Reputation: 79556
I'm working on some Perl code that handles possibly malformed UTF8, and have come across an oddity with regex matching. Consider the following code:
#!/usr/bin/perl
use strict;
use warnings;
use utf8;
my $string = "One \x{FFFF_FFFF} three\n";
my $re1 = qr/\x{FFFF_FFFF}/;
my $re2 = qr/.*\x{FFFF_FFFF}/;
my $re3 = qr/.\x{FFFF_FFFF}/;
print "One\n" if $string =~ $re1;
print "Two\n" if $string =~ $re2;
print "Three\n" if $string =~ $re3;
The output is:
One
Three
Why doesn't the second regular expression also match?
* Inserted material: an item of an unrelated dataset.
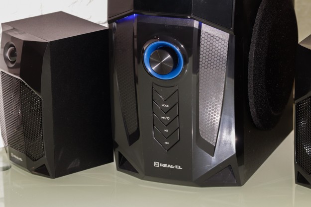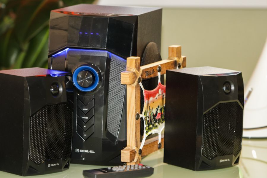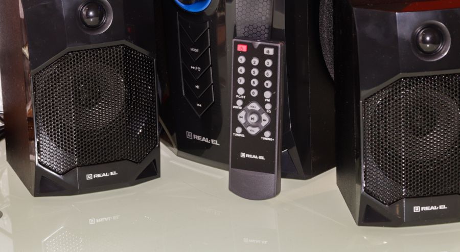 Впечатления от материалов и качества сборки Первое, что нам понравилось в корпусе – за исключением передней его части, в остальном он сделан из дерева. Согласитесь – далеко не все производители в недорогой акустике пойдут на это. Спереди у REAL-EL M-350 пластик, а на сателлитах еще и металлические сетки. Описанная компоновка получилась интересной – выглядит стильно, строго и даже в неком роде статусно – с вашим домашним либо офисным ПК, телевизором или другим источником звука – это фактически беспроигрышное сочетание, особенно, если учесть превосходно сработанную и классно дополняющую имидж M-350 диодную подсветку. Со сборкой все в порядки – ощущения, что на ней пытались сэкономить нет. Подобранные материалы вопросов также не вызвали. Помимо пластика, дерева и металла по периметру нижней части корпуса ножки из мелкопористой резины. Оплетка кабелей – полимер. Эргономика функциональных элементов У REAL-EL M-350 реализовано два формата управления акустикой – посредством пульта ДУ и непосредственно через панель на сабвуфере. По-своему удобны оба, но уже то, что производитель предусмотрел и дистанционный, конечно же, приятно – никакой необходимости быть вблизи системы. Управление простое в обоих случаях – какой-либо особо скрытой функциональности нет, а потому его освоит и пользователь, для которого REAL-EL M-350 - первая система такого рода. Панель управления на REAL-EL M-350 практически полностью вынесена на сабвуфер спереди, хотя и сзади есть также на что взглянуть: разъемы для подключения источников звука, внешней антенны, включатель питания и регулятор баса. Говоря же о передней панели, прежде всего, стоит отметить OLED-дисплей, сочно вписывающийся в общий дизайн. Однако, кроме как элемент декора, он еще и весьма неплохо отображает текущее действие с системой. Чуть ниже дисплея находится регулятор громкости. Далее идет вертикальная полоска кнопок. Самая верхняя – MODE либо же выбор режима. Перечень, кстати говоря, весьма неплох - можно выбирать между PC/Bluetooth/FM/USB/SD. Да, в последних двух случаях речь о воспроизведении с соответствующих внешних носителей. Несложно заметить – слот и разъем под них сверху. Вторая кнопка в арсенале – переход на следующий трек, третья отвечает за режим проигрывания (пауза/воспроизведение), а последняя – переход на следующий трек. Качество звука Качество звука – это именно то, за что следует любить данную систему, прежде всего. Не можем не признать, даже при всех рекомендациях, по причине которых мы взяли на тестирование эту систему, мы не ожидали столь впечатляющей громкости, которая здесь даже с запасом. А вот басовитости могут позавидовать и некоторые системы 5.1. Звук на максимуме громкости чистый. Система всеядна к источникам, и не выбирает, с какого носителя или при каком формате (проводном или Bluetooth) подключения играть лучше. Вместо итогов REAL-EL M-350 стоит рекомендовать пользователям, которые при ограниченном бюджете хотели бы получить качественную мультифункциональную систему формата 2.1 с отличным звуком, но без необходимости при этом переплачивать за известность бренда. Ориентировочная стоимость: 1149 гривен (продукт доступен эксклюзивно в ROZETKA) Источник: SmartPhone.ua

Is there a work-around?
I'm using Perl 5.14.2.
Upvotes: 2
Views: 127
Reputation: 385645
Because of a bug that's already been fixed in 5.18
$ usr/perlbrew/perls/5.16.3t/bin/perl -wE'
say "One \x{FFFF_FFFF} three\n" =~ /.*\x{FFFF_FFFF}/ ?1:0'
0
$ usr/perlbrew/perls/5.18.2t/bin/perl -wE'
say "One \x{FFFF_FFFF} three\n" =~ /.*\x{FFFF_FFFF}/ ?1:0'
1
Upvotes: 2